他の出版社の編集者も無関係ではいられない原稿料未払いの問題。何が起きても軽症ですむ某編集者が著名な方だったため、セクハラ問題がクローズアップされたが、仕事の進め方もかなりきわどいものだった。
セクハラはダメだ。
それはもう書くまでもないので、今回は原稿料未払い問題について、どうしてこのようなことが起こるのか、出版業界における編集者と著者との関係について考えてみたい。
編集者が企画した書籍がどうやって発売までこぎつけるのか、出来上がってみればシンプルなようだが、実際に歩いてみると実は様々なハードルというか罠が各所に待ち受けるような道程である。
一般的な出版フローとしては、おそらく各社とも似たり寄ったりで下のようになる。

① 企画立案
② 企画通過(会社として出版OK)
③ 作家選定・制作開始・編集
④ 発売日決定
⑤ 販売施策・プロモーション企画検討・受注
⑥ 入稿・校正・校了
⑦ 納品・取次搬入
⑧ 店頭発売
⑨ 契約締結・印税支払

ちょっといろいろな業務レベルがごっちゃになってはいるが、まあ、重要なポイントを書き出してみた。
作家選定と企画は表裏一体であることが多いので、そもそも作家に了解を取り付けてから②になるケースも多いだろう。

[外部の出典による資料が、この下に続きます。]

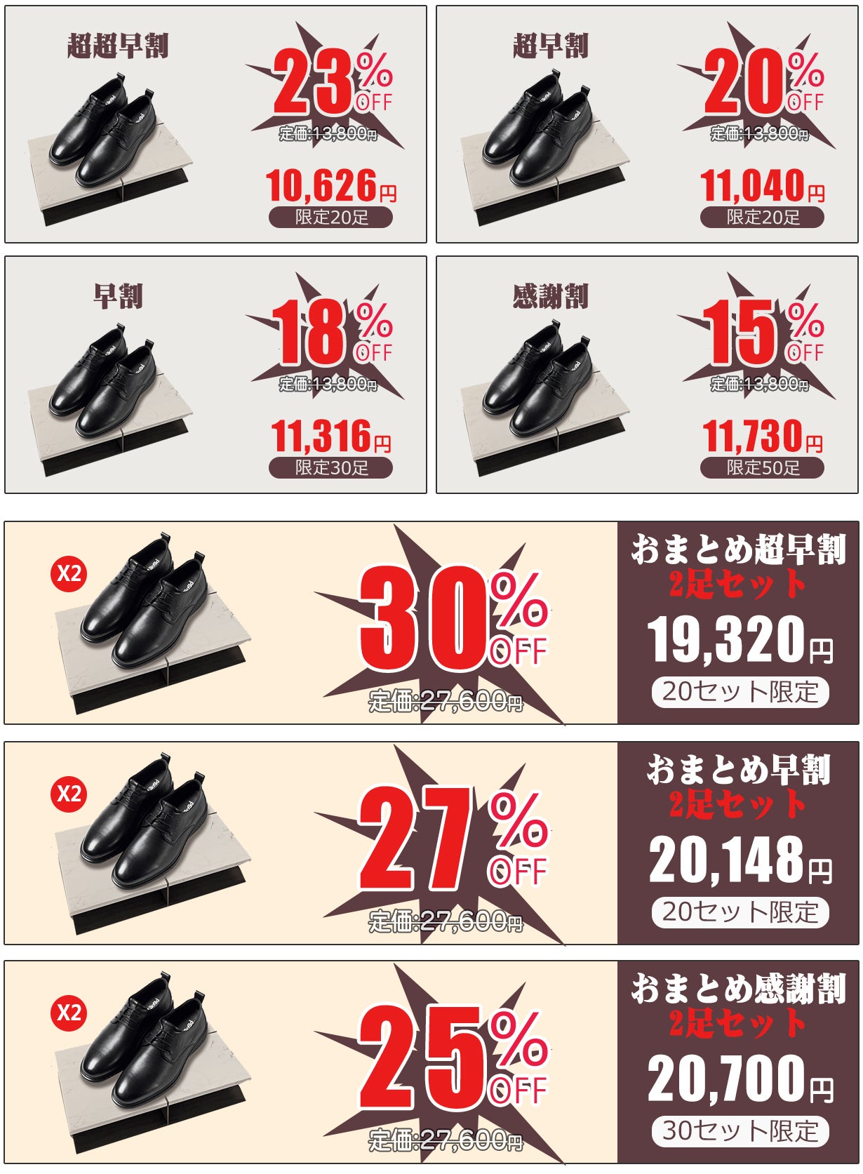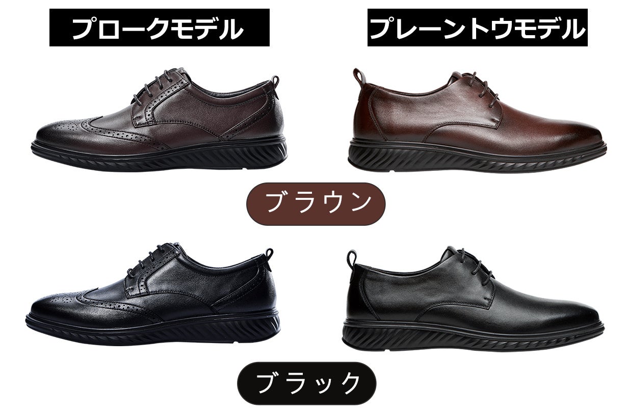 「ビジネスが楽になる本格レザーシューズ」は2つのスタイルと2つのカラーの組み合わせから、お好みに合わせてお選びください。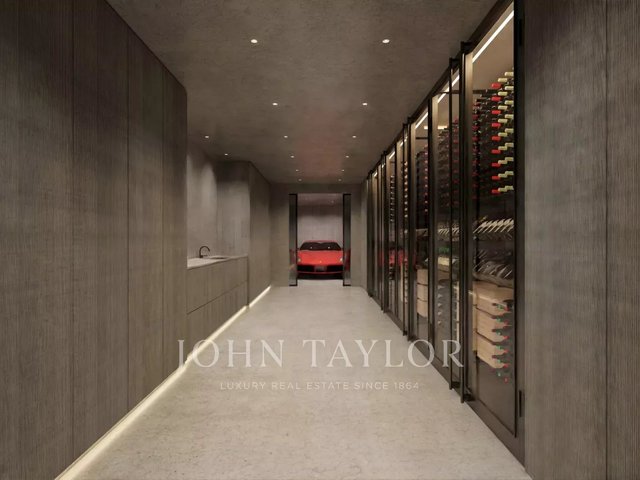The basement, with approximately 320 m², includes a garage for three cars, a pantry, and a wine cellar. This ample space can be adapted to different needs: from a wellness area or a private cinema room, to a sixth bedroom with en suite bathroom.

また、⑨の契約締結のタイミングもケースバイケース。出版社・編集者・作家ががっちり信頼関係で結ばれていれば、このフローで全く問題がない。そして、おそらくこれが伝統的な業界スタイルである。

さて、では今回の事件に関連して、問題が生じるとしたらどこか。
先ほど信頼関係と書いたが、三者(出版社・編集者・作家)のうち出版社と著者は直接話さないので、要である編集者がすべて問題の原因(と同時に出版という創造性の源)と言っていい。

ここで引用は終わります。